When I talk to people about my novel "Ivy and Abe" their response is almost always the same. "I have story like that," they tell me and go on to explain their own Ivy and Abe type story...
It’s an almost universal experience: meeting someone, however fleetingly, and wondering what might have happened if you had met at a different time or under different circumstances. From wondering what became of your first love (and perhaps cyber stalking them to find out) to the smallest exchange with someone in passing, the quiet recognition of a connection, a spark - and the wondering “what if?”
It’s this near universal experience, which sparked the idea for Ivy and Abe, a tale, or rather a series of tales, of two people who meet again and again, at various different times of their lives in a series of parallel universes.
They meet as children and in their seventies. They embark on a passionate affair in mid life, when they are both married already and in another life they marry young, only for a dark shadow to threaten their happiness.
Throughout various incarnations of their lives, they come together and go their separate ways, fall in and out of love, make or break promises.
In every universe, Ivy and Abe are meant to meet. But are they meant to be?
Multiverse theory proposes the theoretical possibility of infinite parallel universes. Physicists have likened this to a deck of cards: shuffle that deck and there are only so many orderings that can take places – shuffle it enough times and the order will start to repeat. This is our parallel universe.
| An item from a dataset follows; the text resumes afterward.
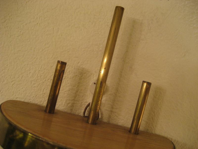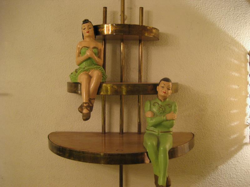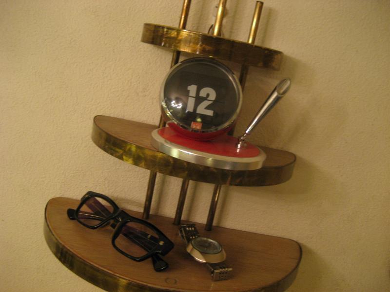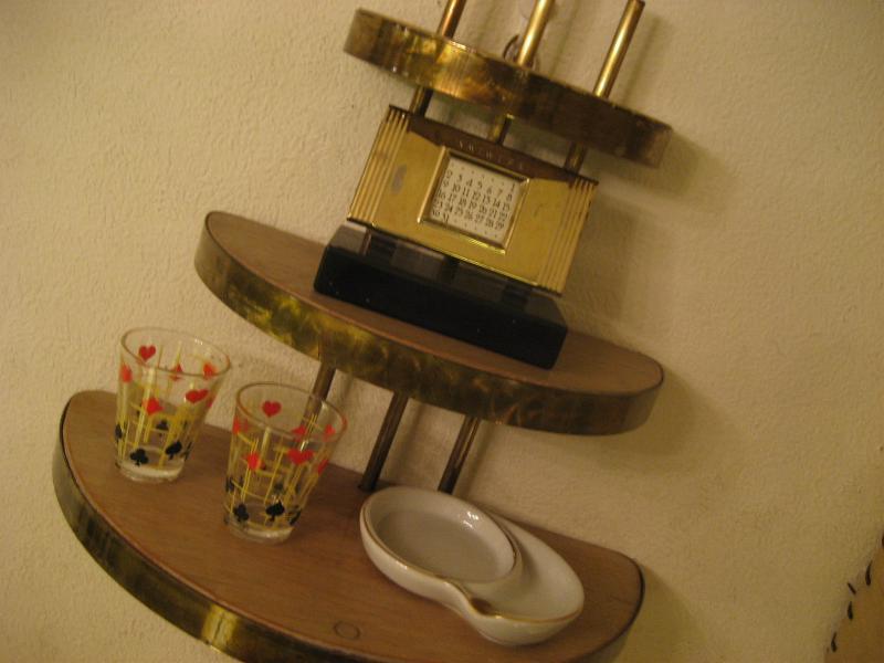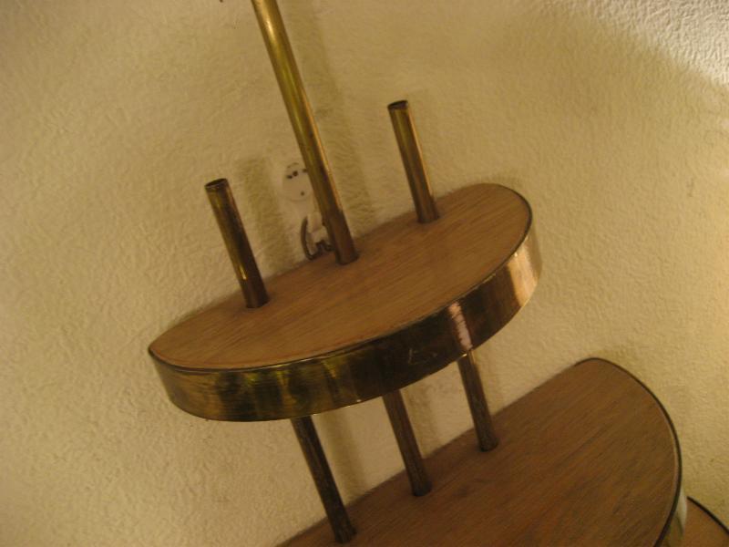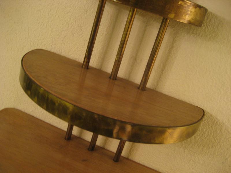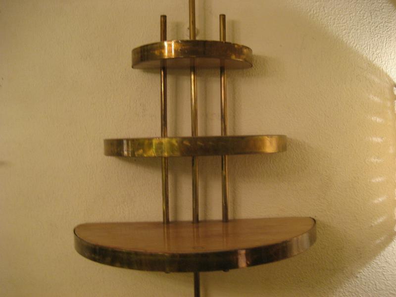 | ビンテージアトミックウォールシェルフ / 50-60年代 USA. ウッドメイドのハーフラウンド3段シェルフ(壁掛け飾り棚)。ゴールドブラスパイプフレームにエッジモールデコ。壁スペースにクールでGOODなビンテージウォールピース! |
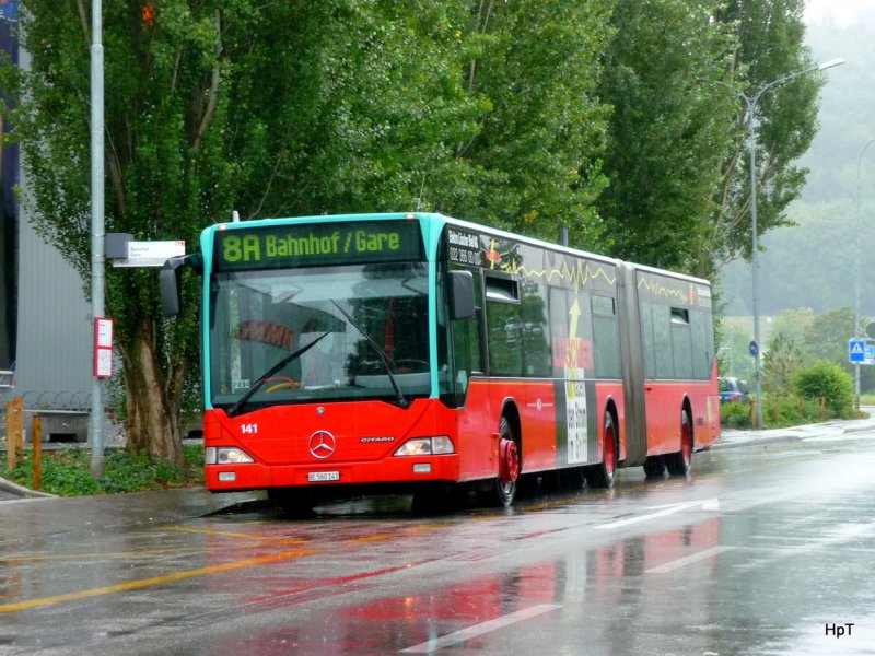 VB Biel  - Mercedes Citaro Nr.141  BE 560141 auf der Linie 8A bei Starkem Regen unterwegs in Brügg am 03.09.2009

I liked this metaphor and it mirrors one we use to talk about our own lives and what we make of them - dealing with the cards we have been dealt.
In Ivy and Abe, Abe’s multiple lives are repeatedly thrown a little off course by a random accident, whereas Ivy has something in hers, which is set from the moment she is born, which can only ever play out according to the card she has been given.
It’s a love story and it’s a life story. It’s about living and loving and the way our own stories are echoed and repeated with infinite variations across the globe and around the universe.